Daniel P. Berrangé posted 23 patches 3 days, 5 hours ago
Maintainers: Gerd Hoffmann <kraxel@redhat.com>, Christian Schoenebeck <qemu_oss@crudebyte.com>, Markus Armbruster <armbru@redhat.com>, Paolo Bonzini <pbonzini@redhat.com>, "Marc-André Lureau" <marcandre.lureau@redhat.com>, "Daniel P. Berrangé" <berrange@redhat.com>, "Philippe Mathieu-Daudé" <philmd@linaro.org>, "Dr.
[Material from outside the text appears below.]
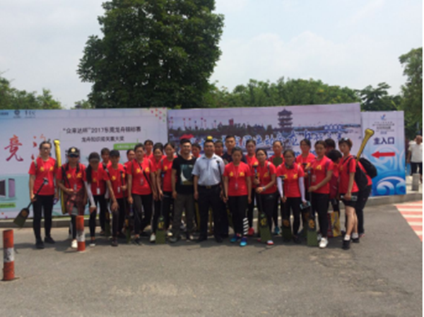 6月5日中华人民共和国第第十三届全国运动会龙舟预选赛在著名龙舟特色小镇广东东莞麻涌镇落幕,公司女子龙舟队易国惠、候琳、程德慧、龚瑞雪、韩娟、沈彩蝶、倪虹、郭素银、刘曼颀、周玉洁、朱雪慧等11名队员入选安徽省女子龙舟队并参加了全部项目的比赛,教练为tyc33455cc许贵泉老师。
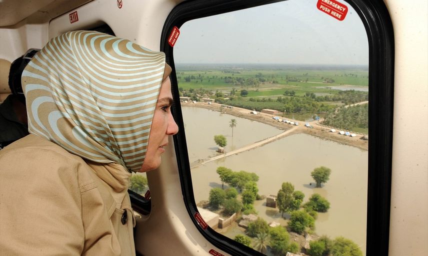 Emine Erdoğan, 2010 yılında o dönem Başbakan olan Cumhurbaşkanı Erdoğan'ın eşi sıfatıyla selden en çok etkilenen Güney bölgesine giderek sahra hastanesini ve çocuk merkezine dönüştürülen çadırı ziyaret etmişti. Bu deneyimin ışığında, yeniden aynı acıyla sınanan bölge halkına geçmiş olsun dileklerini iletti ve dünyanın merhamet ve dayanışma ile Pakistan'a destek vermesini temenni etti.

David Alan Gilbert" <dave@treblig.org>, Manos Pitsidianakis <manos.pitsidianakis@linaro.org>, Kevin Wolf <kwolf@redhat.com>, Hanna Reitz <hreitz@redhat.com>, Stefan Weil <sw@weilnetz.de>
[PATCH v4 16/23] util: fix interleaving of error & trace output
Posted by Daniel P. Berrangé via Devel 3 days, 5 hours ago
The monitor_cur_hmp() function will acquire/release mutex locks, which
will trigger trace probes, which can in turn trigger qemu_log() calls.
vreport() calls monitor_cur() multiple times through its execution
both directly and indirectly via error_vprintf().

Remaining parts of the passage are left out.